URI/BEE 3165/beecrowd | 3165 - Twin Prime

/*

You have to find out two nearest prime numbers of N which have the maximum size less than or equals to N and the gap between them is two.

In this code/algorithm, since the input data is subtle by 10^3, in that case, any naive formulation to find prime numbers is acceptable.
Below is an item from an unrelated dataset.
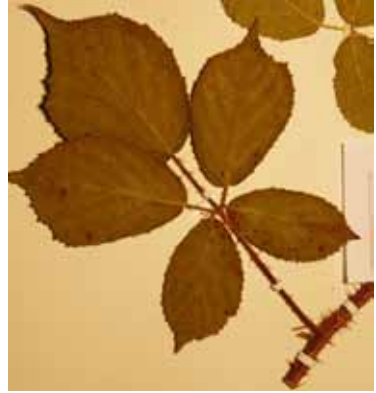
Abb. 10: Rubus dasyphyllus , Herbarexemplar. Originalgröße ca. 22 × 15 cm.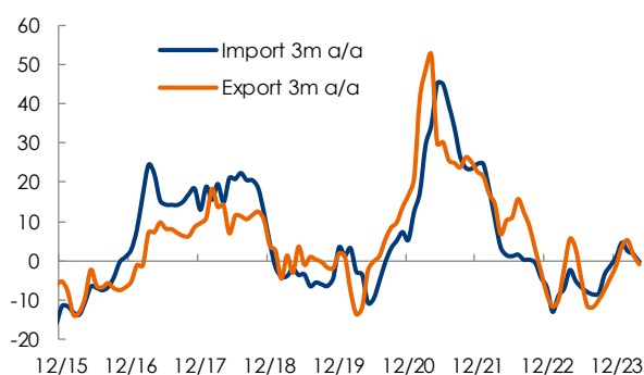
Fig. 1 - Commercio estero

Il surplus commerciale è salito da 58,6 miliardi di dollari in marzo a 72,4 miliardi in aprile, portando il surplus nei primi quattro mesi del 2024 a 255,7 miliardi di dollari, 10,3 miliardi in meno rispetto allo stesso periodo del 2023.

Thus, we have applied Sieve to make separate all composite and prime numbers and then the Twin_Prime() function figure out the two adjacent prime numbers in such as way that each number is updated by its adjacent prime number which has a difference is two.

*/

#include<stdio.h>

#define high 1007

#define sf scanf

#define pf printf

int primes[high], flag[high];

void init()

{

    int i=0;

    for(; i<high; i++)

    {

        flag[i] = 0;

    }

}

void Sieve()

{

    int i=0, j=0;

    for(i=2; i<high; i++)

    {

        if(flag[i] == 0)

        {

            //pf("%d ", i);

            for(j=i*i; j<high; j+=i)

            {

                flag[j] = 1; // all composite numbers

            }

        }

    }

}

void Twin_Prime()

{

    int i=6, last_prime = 5;

    primes[5] = 5;

    for(; i<high; i++)

    {

        if(flag[i] == 0 && flag[i - 2] == 0) // finding the two adjacent prime numbers which has difference 2

        {

            last_prime = i; // thus, the prime number is updated by the satisfying one

        }

        primes[i] = last_prime; // any number or index (both composite and prime) is updated by the prime number

    }

//    for(i=5; i<high; i++)

//    {

//        pf("for %d = %d\n", i, primes[i]);

//    }

}

int main()

{

    init();

    Sieve();

    Twin_Prime();

    int N;

    sf("%d", &N);

    pf("%d %d\n", primes[N]-2, primes[N]); 

/* the Twin_Prime() function organized the primes[] array in such a way so that we get the desired first prime number at the back of by 2.*/

    return 0;

}